- [Task goal]: Without the images, write out the whole listing exactly.

(Beginning of Data provided)

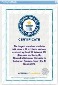 MARATONUL TALK-SHOW DE 73 ORE la Canal 33, din 14-17 martie 2020, a intrat în Cartea Recordurilor.
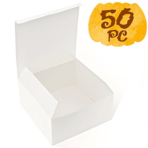 MESHA White Boxes 50 Pack 8x8x4 Inches, White Cardboard Gift Boxes with Lids for Gifts, Crafting, Cupcake Boxes
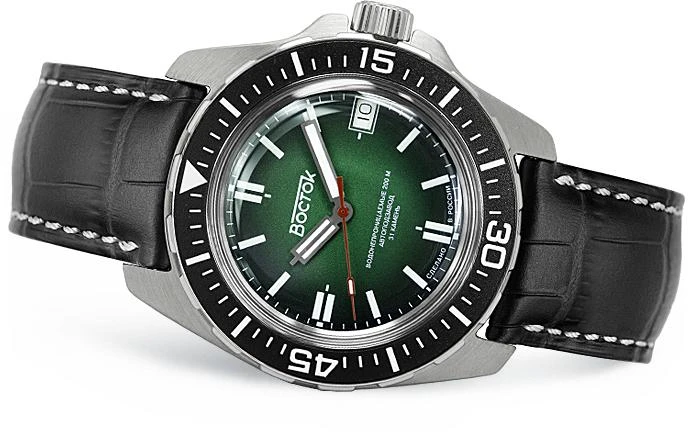 Мужские часы Восток Амфибия 14049Б. Механические с ручным подзаводом. Корпус изготовлен из высококачественной нержавеющей стали 316L с высокими антикоррозийными свойствами. Ремешок изготовлен из кожи. Часы являются водонепроницаемыми до 20 Бар. Цвет корпуса: Черный. Цвет циферблата: Зеленый. Ширина (с заводной головкой): 44мм. Толщина: 15мм. Гарантия: 1 год.

(End of Data provided)

- [Your response]:
 MARATONUL TALK-SHOW DE 73 ORE la Canal 33, din 14-17 martie 2020, a intrat în Cartea Recordurilor.
 MESHA White Boxes 50 Pack 8x8x4 Inches, White Cardboard Gift Boxes with Lids for Gifts, Crafting, Cupcake Boxes
 Мужские часы Восток Амфибия 14049Б. Механические с ручным подзаводом. Корпус изготовлен из высококачественной нержавеющей стали 316L с высокими антикоррозийными свойствами. Ремешок изготовлен из кожи. Часы являются водонепроницаемыми до 20 Бар. Цвет корпуса: Черный. Цвет циферблата: Зеленый. Ширина (с заводной головкой): 44мм. Толщина: 15мм. Гарантия: 1 год.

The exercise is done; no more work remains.